Containerization,its origins

Containerization has its origins in early coal mining regions in England from the late 18th century on. In 1795, Bejamin Outram opened the Little Eaton Gangway upon which coal was carried in wagons built at his Butterley Ironworks. 

The horse-drawn wheeled wagons on the Gangway took the form of containers, which, loaded with coal, could be transhipped from canal barges on the Derby Canal which Outram had also promoted.
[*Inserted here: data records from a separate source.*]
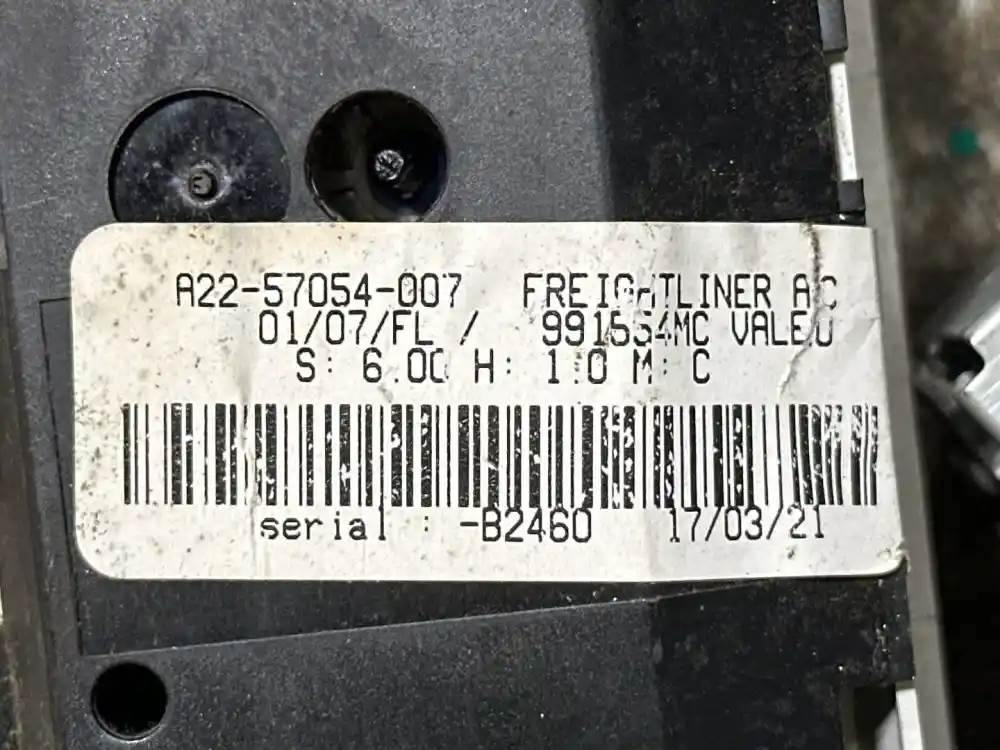 (Used) 2021 Freightliner M2 106, TEMPERATURE CONTROL ASSEMBLY- Part Number: A22-57054-007, Settings: Fan Speed, Temperature, Air Position, Recycle Air, Material: Plastic, Reference images for condition. For more information about this item, give us a call. We ship Worldwide! (CRG HEAVY TRUCK PARTS) 929 W PULASKI HWY, ELKTON, MD 21921, Material: Plastic
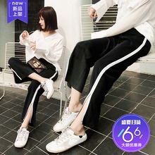 chic韩风侧条纹雪纺开叉阔腿裤女裤子九分开衩休闲校服运动裤薄款
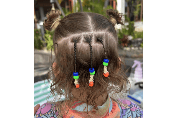 Our 7-year-old discovered that a full head of braids can take well over an hour (and feel like 3)... which, in holiday time, is equivalent to at least 15 missed waterslide runs. Still, the payoff when you strut back into school with the ultimate tropical hairstyle - totally worth it.
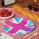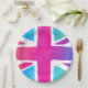 Cool looking watercolor design of the British flag / union jack. Bright and vivid watercolors include pink, purple, blue, turquoise and orange. The colours mix and blend together creating soft edges with a cloud like effect. Design has a unique look and an artistic flair.

By the 1830s, railroads on several continents were carrying containers that could be transferred to other modes of transport. The Liverpool and Manchester Railway in the United Kingdom was one such. "Simple rectangular timber boxes, four to a wagon, they were used to convey coal from the Lancashire collieries to Liverpool, where they were transferred to horse drawn carts by crane."[2] Originally used for moving coal on and off barges, "loose boxes" were used to containerize coal from the late 1780s, at places like the Bridgewater Canal. By the 1840s, iron boxes were in use as well as wooden ones. The early 1900s saw the adoption of closed container boxes designed for movement between road and rail.

In the United Kingdom, several railway companies were using similar containers by the beginning of the 20th century and in the 1920s the Railway Clearing House standardized the RCH container. Five- or ten-foot-long, wooden and non-stackable, these early standard containers were a great success, but the standard remained UK-specific.